> **What the exercise asks**: Write the data out again exactly, with no pictures.

> **Extracted material**:
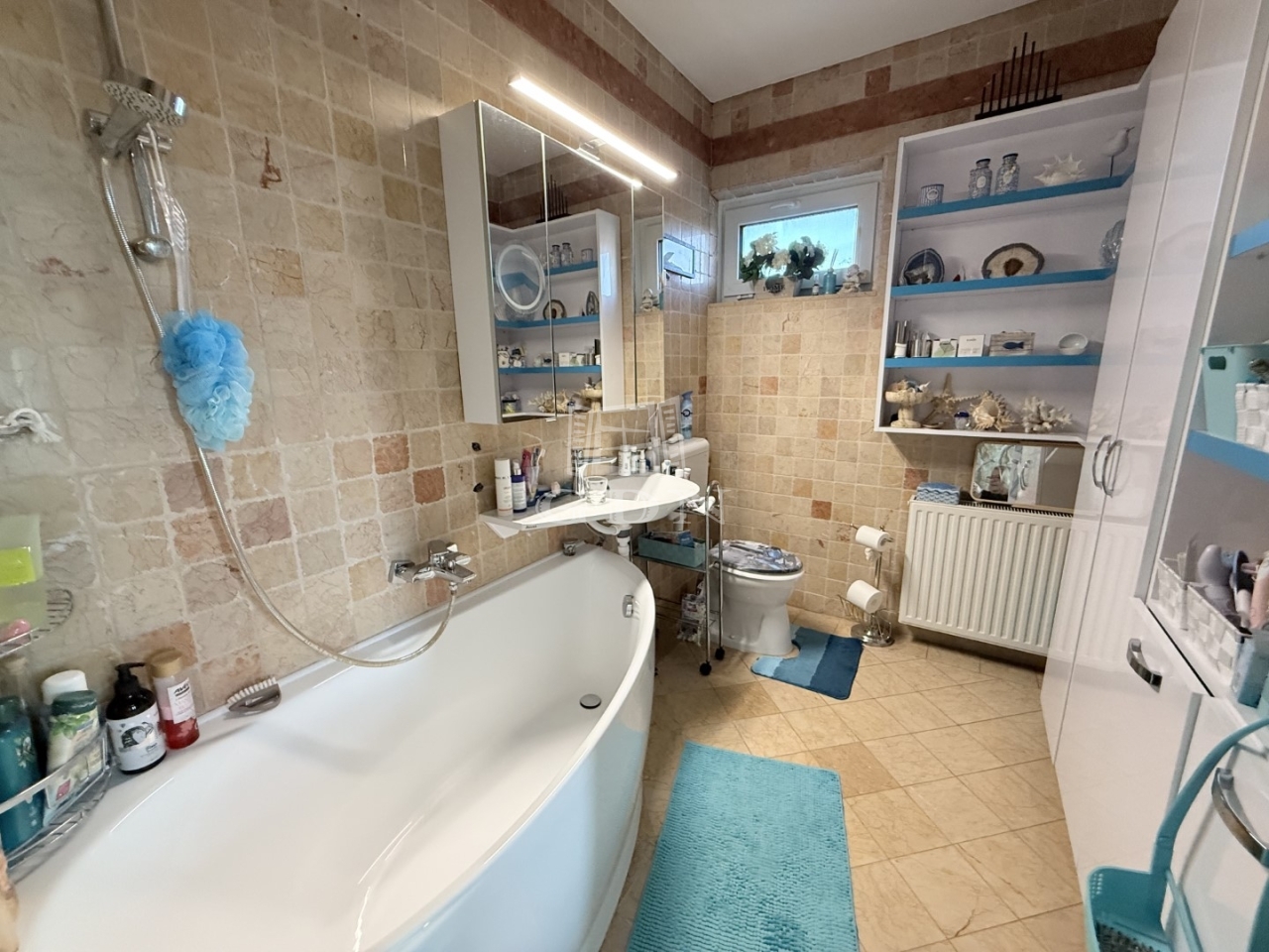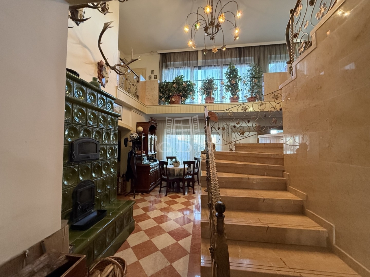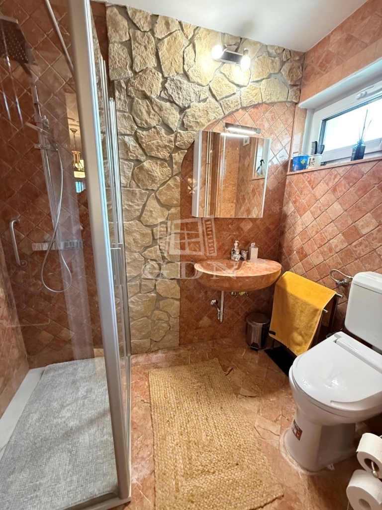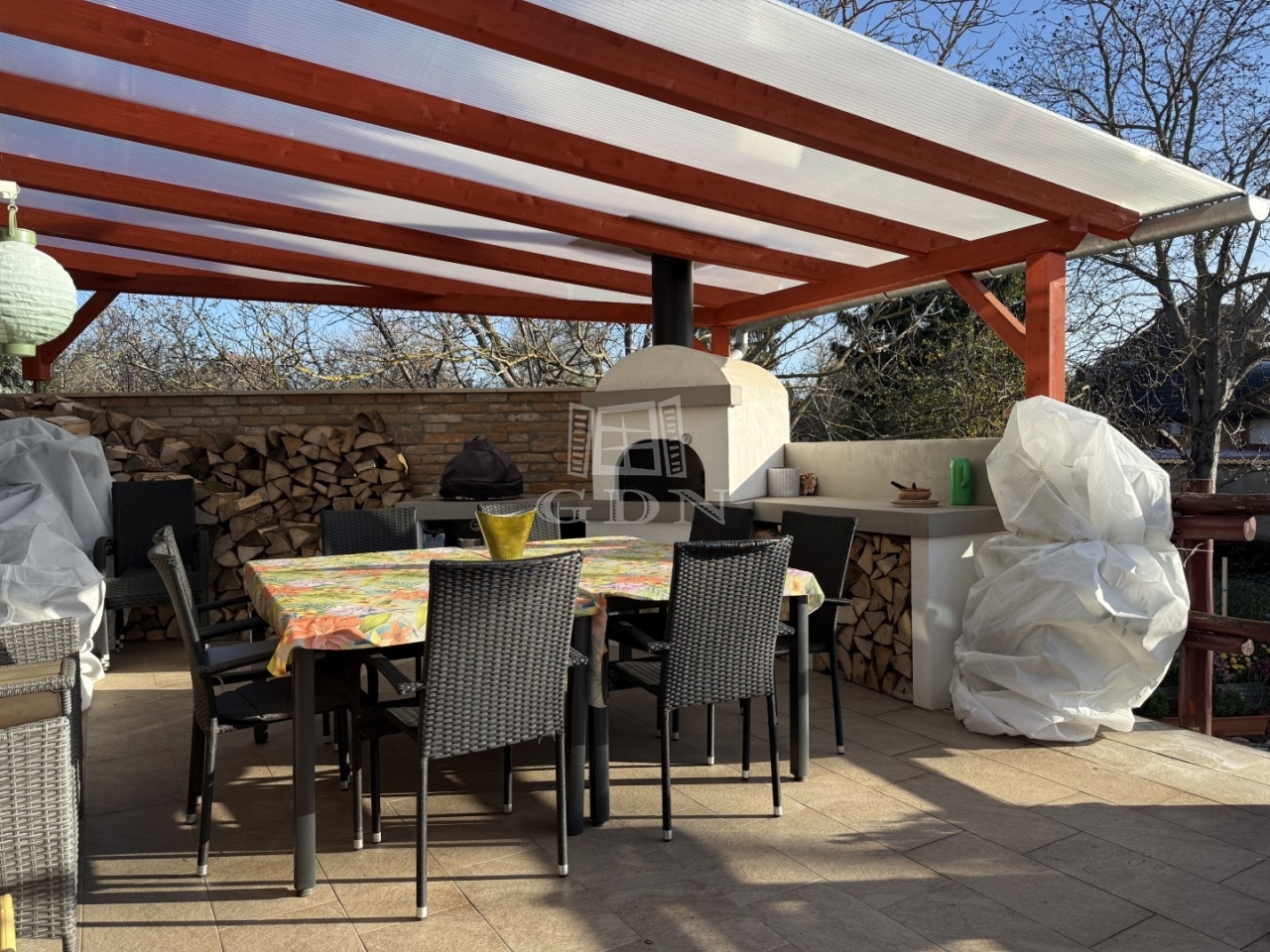 Az 1523 m2-es területen elhelyezkedő ingatlan 1995-ben épült, Porotherm téglából, 8-12cm kőburkolattal, illetve hőszigeteléssel. Fűtése gázkazán, padló és radiátoros hőleadással. Nagy teljesítményű klímarendszerrel. Másodlagos fűtésnek a nappali közepén egy impozáns méretű cserépkályha található. Vastag falaknak köszönhetően a rezsiköltsége alacsony. A burkolatok magas minőségű kő és márványburkolat, mely az egész házat egyedivé teszi.
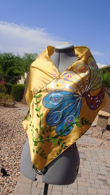 Peacock has lace fabric inlay in its feathers and body in lime green, turquoise and burgundy.
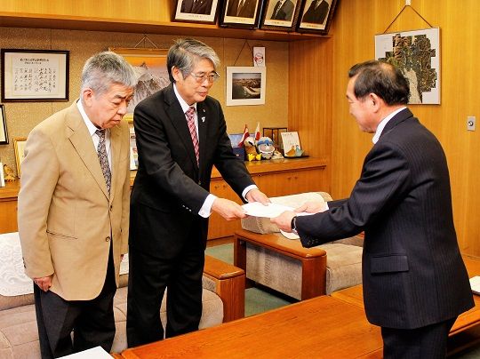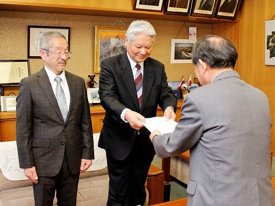 牛越市長は「熱心に協議いただき感謝。実現に向け着実に計画を進め検証を加えていく」と話し計画を受け取りました。
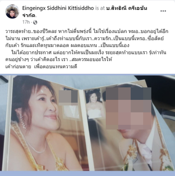อิ๋งอิ๋ง ยังบอกอีกว่า หากพรุ่งนี้ตนไม่ตื่นขึ้นมาก็ไม่แปลก ตนรักและซื่อสัตย์กับสามีมาตลอด แต่ผลตอบแทนที่ได้กลับเป็นแบบนี้ 15 ปีที่ดูแลกันมา ตนไม่เคยทำให้เขาเดือดร้อนหรือต้องทำงานนอกบ้าน จัดเงินเดือนให้เดือนละ 40,000-50,000 บาทตลอด 15 ปี มีรถให้ใช้ 2 คัน เบิกค่าล้างรถได้ เบิกค่าน้ำมันได้ ซื้อของใช้ก็เบิกได้ ค่ามือถือที่สามีใช้คุยกับหมอนวดก็เบิกได้ ตนดูแลค่าใช้จ่ายมาโดยตลอด แต่จากนี้ไป เขาต้องหาเงินใช้เอง เพราะเงินของตนที่ให้ไปนั้น เขากลับเอาไปปรนเปรอหมอนวด
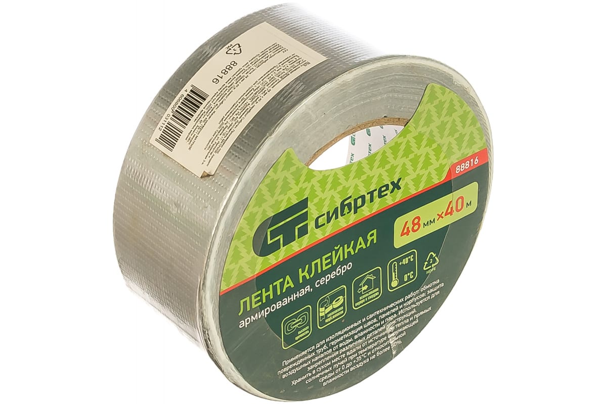 Клейкая лента армированная 48мм х 40м, СИБРТЕХ, серебристая (88816)
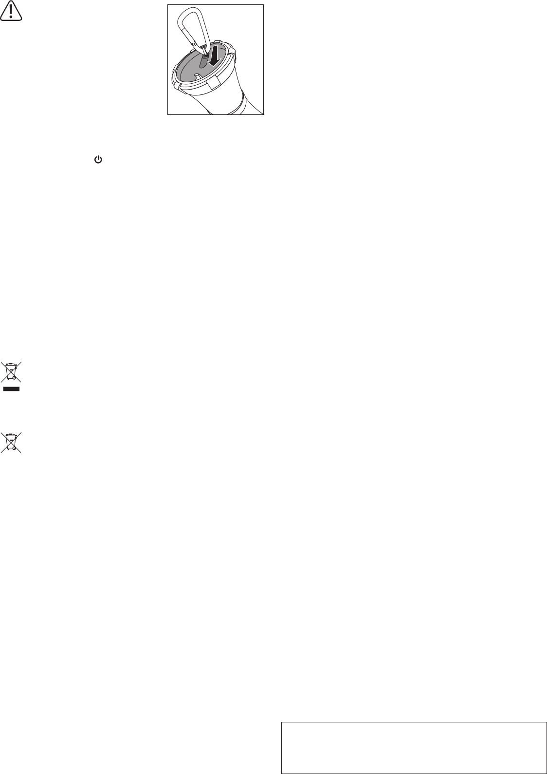 • Das Produkt kann mit dem Karabinerhaken aufgehängt
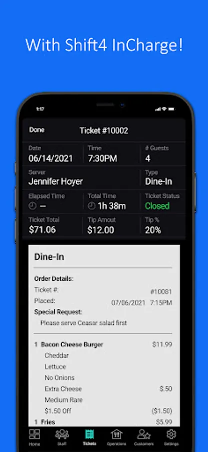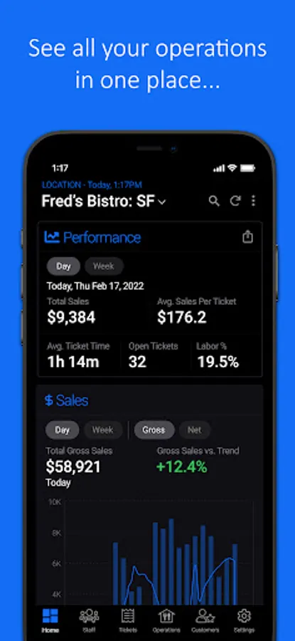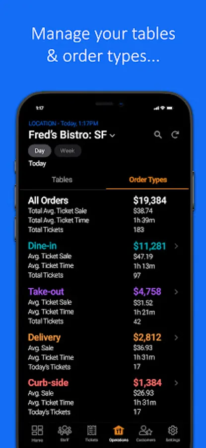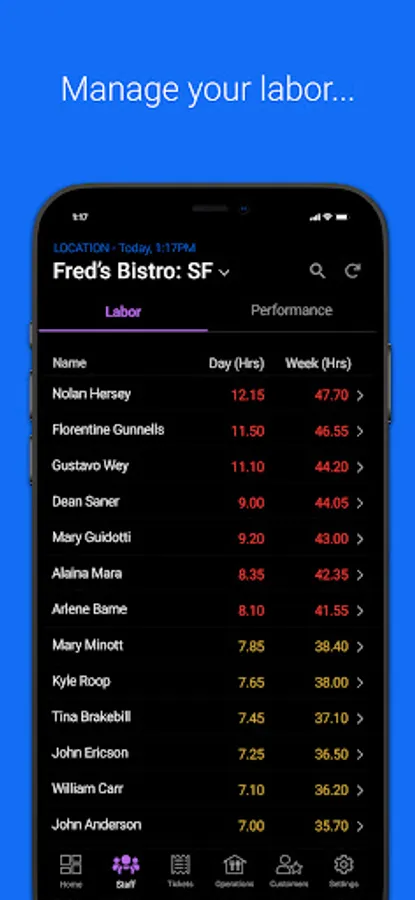 -View staff member performance, including hours, sales, tips, ticket time, and more
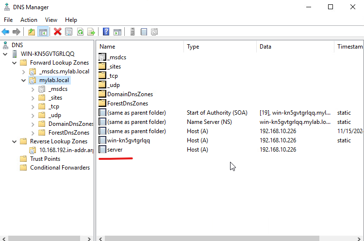 40. server라는 A레코드가 생겼습니다./
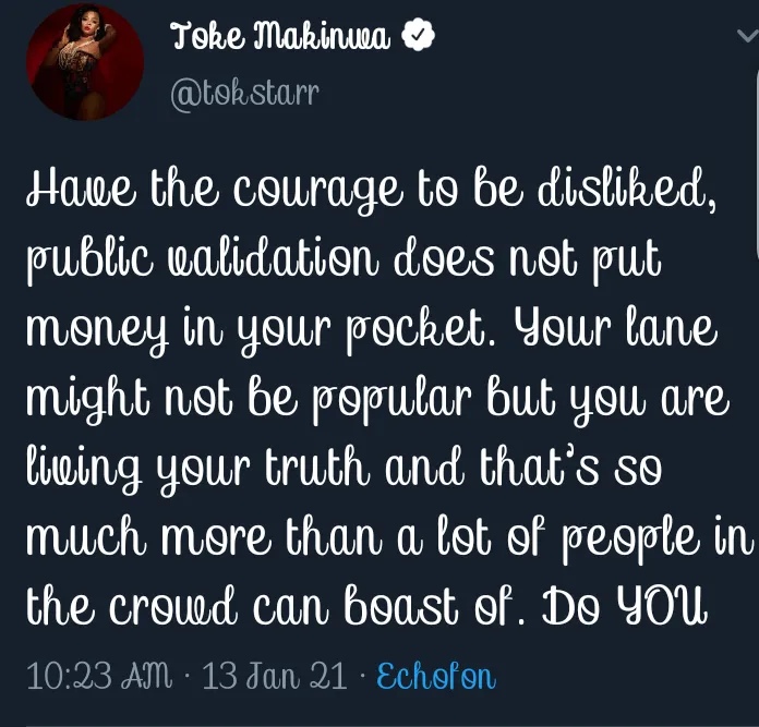 Media personality, Toke Makinwa, has sent out a word of advice to her followers.
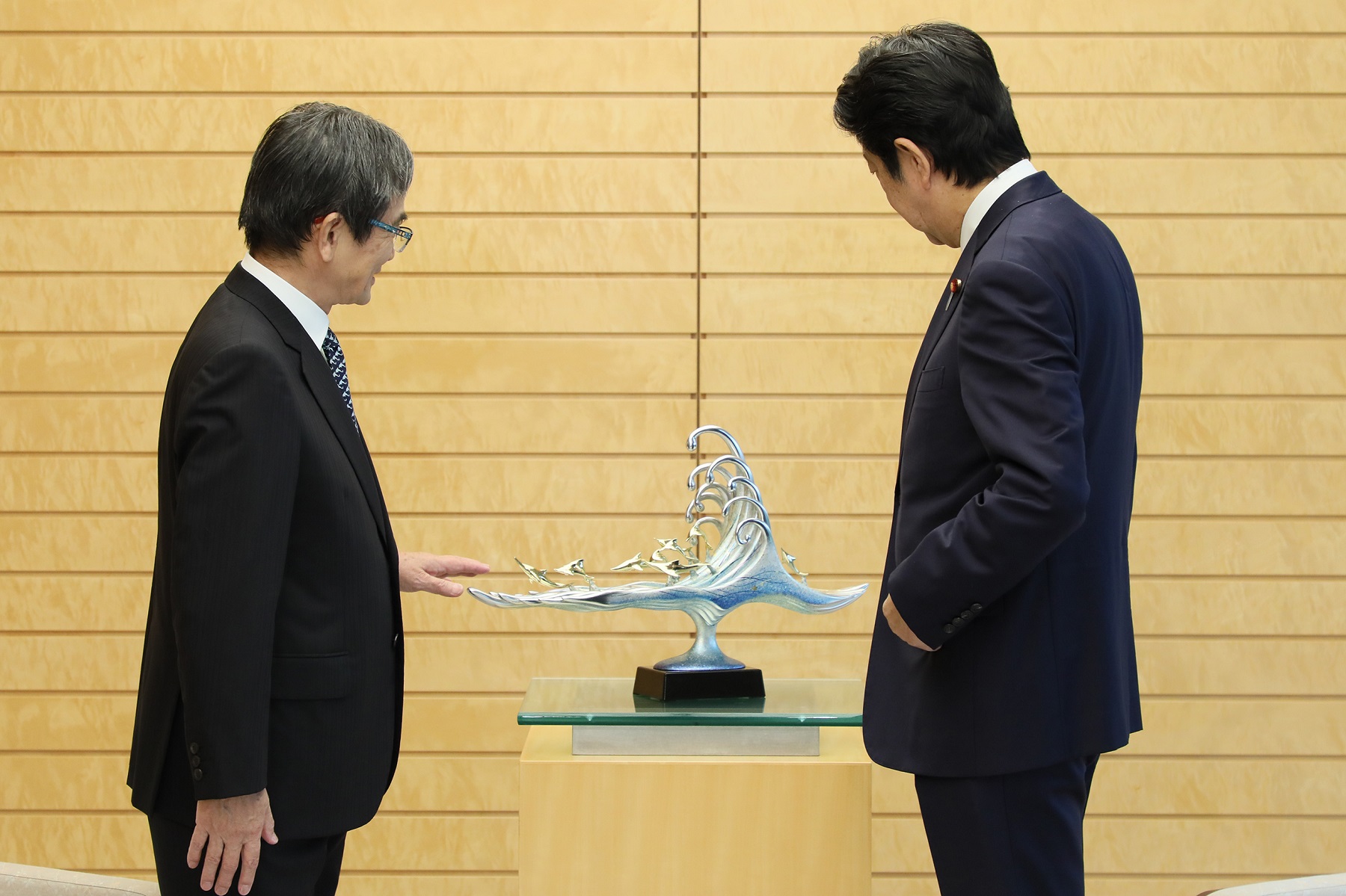 安倍总理在总理大臣官邸接收了文化厅长官宫田亮平递交的全体内阁祝贺天皇陛下即位的贺礼。

> **Response**:
 Az 1523 m2-es területen elhelyezkedő ingatlan 1995-ben épült, Porotherm téglából, 8-12cm kőburkolattal, illetve hőszigeteléssel. Fűtése gázkazán, padló és radiátoros hőleadással. Nagy teljesítményű klímarendszerrel. Másodlagos fűtésnek a nappali közepén egy impozáns méretű cserépkályha található. Vastag falaknak köszönhetően a rezsiköltsége alacsony. A burkolatok magas minőségű kő és márványburkolat, mely az egész házat egyedivé teszi.
 Peacock has lace fabric inlay in its feathers and body in lime green, turquoise and burgundy.
 牛越市長は「熱心に協議いただき感謝。実現に向け着実に計画を進め検証を加えていく」と話し計画を受け取りました。
อิ๋งอิ๋ง ยังบอกอีกว่า หากพรุ่งนี้ตนไม่ตื่นขึ้นมาก็ไม่แปลก ตนรักและซื่อสัตย์กับสามีมาตลอด แต่ผลตอบแทนที่ได้กลับเป็นแบบนี้ 15 ปีที่ดูแลกันมา ตนไม่เคยทำให้เขาเดือดร้อนหรือต้องทำงานนอกบ้าน จัดเงินเดือนให้เดือนละ 40,000-50,000 บาทตลอด 15 ปี มีรถให้ใช้ 2 คัน เบิกค่าล้างรถได้ เบิกค่าน้ำมันได้ ซื้อของใช้ก็เบิกได้ ค่ามือถือที่สามีใช้คุยกับหมอนวดก็เบิกได้ ตนดูแลค่าใช้จ่ายมาโดยตลอด แต่จากนี้ไป เขาต้องหาเงินใช้เอง เพราะเงินของตนที่ให้ไปนั้น เขากลับเอาไปปรนเปรอหมอนวด
 Клейкая лента армированная 48мм х 40м, СИБРТЕХ, серебристая (88816)
 • Das Produkt kann mit dem Karabinerhaken aufgehängt
 -View staff member performance, including hours, sales, tips, ticket time, and more
 40. server라는 A레코드가 생겼습니다./
 Media personality, Toke Makinwa, has sent out a word of advice to her followers.
 安倍总理在总理大臣官邸接收了文化厅长官宫田亮平递交的全体内阁祝贺天皇陛下即位的贺礼。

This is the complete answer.